She hurried back in a minute, picking up the copy of
Cloud and Rain in Shanghai
again. “I’m going to reread it closely. Perhaps I can find some clue for your boss.”

“You, too, have a soft spot for our irresistible chief inspector,” he said with mock jealousy. “He also has a personal problem at the moment.”

“What problem?”

“Ling, his HCC girlfriend in Beijing, has married somebody else — people have been gossiping about it at the bureau.”

“Oh that,” she said. “He got a call from Beijing during the bureau political studies meeting a couple of days ago. Somebody overheard the conversation — a few words of it. Chen looked devastated afterward.”

“It might not be that bad for him. He’s a successful cop — and not because of her. In fact, I wondered what he would become if they stayed together. You know what I mean.”

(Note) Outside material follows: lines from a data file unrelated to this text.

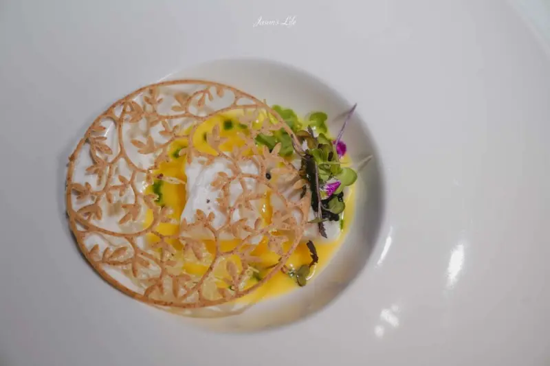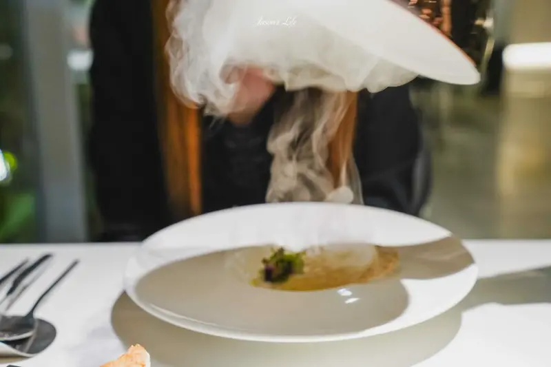 服務人員揭開蓋子時,胡桃木的煙燻香撲鼻而來。煙燻圓鱈帶有淡淡的煙燻味,底層鋪著焦化奶油醬,點綴茴香醬的清新綠色,搭配餅乾延展口感,彷彿一件藝術品。
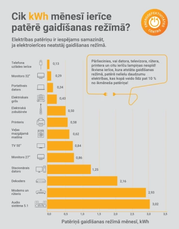 Lūk, cik kWh mēnesī gaidīšanas režīmā patērē dažādas ierīces:
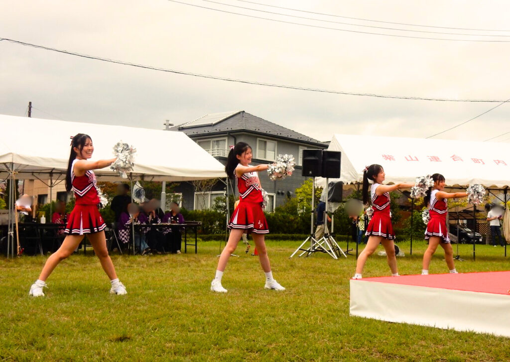 先日開催された「紫山秋まつり」において、本校中高チアリーダー部がパフォーマンスを披露しました。小学生も一緒に地域の皆さまへ笑顔と元気を届け、会場を盛り上げました。
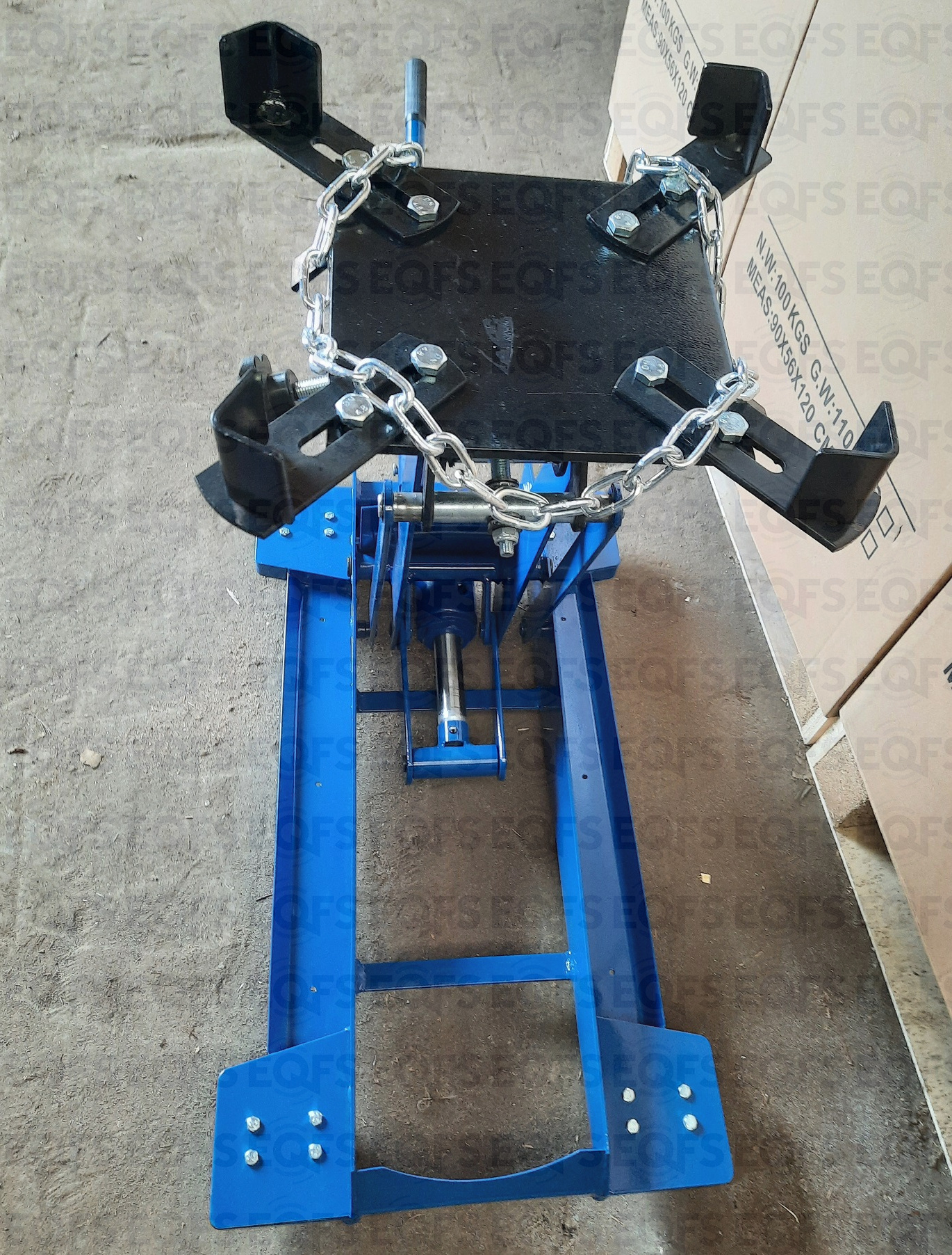 Трансмиссионная гидравлическая стойка (домкрат трансмиссионный) является мобильным подъёмным устройством. С ее помощью можно поднять и переместить снятый узел. При подъеме на требуемую высоту удобно монтировать снятый агрегат. Цвет темно-синий.

“He’s become a chief inspector on his own merits, no question about it,” Yu readily agreed. “Which is easy for others to see, but not for him.”

“Then now he can turn over a new page. With his HCC girlfriend constantly at the back of his mind, it was impossible for him to see other girls. White Cloud, for instance.”

It was another of her favorite topics. Peiqin appeared to think that the breakup had come as a shock to Chen, but Chen’s relationship with his HCC girlfriend had long been on the rocks. Last year, Chen had passed on an opportunity to go to Beijing, but Yu decided not to mention that to Peiqin at the moment.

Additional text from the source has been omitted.